Baltoniodus Temporal range: Dapingian–Sandbian PreꞒ Ꞓ O S D C P T J K Pg N

Scientific classification
- Kingdom: Animalia
- Phylum: Chordata
- Infraphylum: Agnatha
- Class: †Conodonta
- Family: †Balognathidae
- Genus: †Baltoniodus Lindström, 1971
- Species: †Baltoniodus alobatus; †Baltoniodus cooperi; †Baltoniodus gerdae; †Baltoniodus medius; †Baltoniodus navis; †Baltoniodus norrlandicus; †Baltoniodus prevariabilis; †Baltoniodus triangularis; †Baltoniodus variabilis;

= Baltoniodus =

Extinct genus of jawless fishes

Baltoniodus is an extinct genus of conodonts.

==Use in stratigraphy==
The base of the Dapingian, the first stage of the Middle Ordovician, is defined as the first appearance of Baltoniodus triangularis.

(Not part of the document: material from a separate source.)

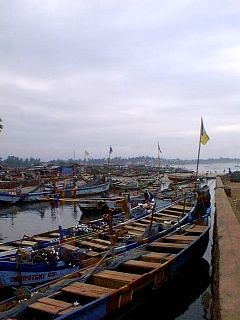 Accra isn't the easiest town to drive around but we managed to get through it and out on the road towards the beach and "Big Milly's Backyard". What a great place. It is full of English speaking tourists. I don't know why I was so surprised - the English speakers usually go to English speaking countries. There aren't many of us daft enough to go to French speaking ones! That night we had our Tilapia. What a glorious fish - should have known there wouldn't be many bones - I was using a Keith Floyd recipe. He wouldn't be cooking something which took ages to eat and therefore interfered with his wine drinking! We finally opened the bottle of Sauvignon Blanc that we have been carrying around with us since The Gambia waiting for a special occasion. We had that occasion - we are in Ghana and it was a real treat.

The Whiterock Stage refers mainly to the early Middle Ordovician in North America, it is often used in the older literature in a global sense. The Whiterock Stage is given a range from 471.8 (ca. 472) to 462 m.y.a., spanning close to 10 million years. Officially its start is defined by the potentially lowest occurrence of the conodont Protoprioniodus aranda or Baltoniodus triangularis.

B. gerdae has been found in the early Sandbian Bromide Formation, in Oklahoma, USA.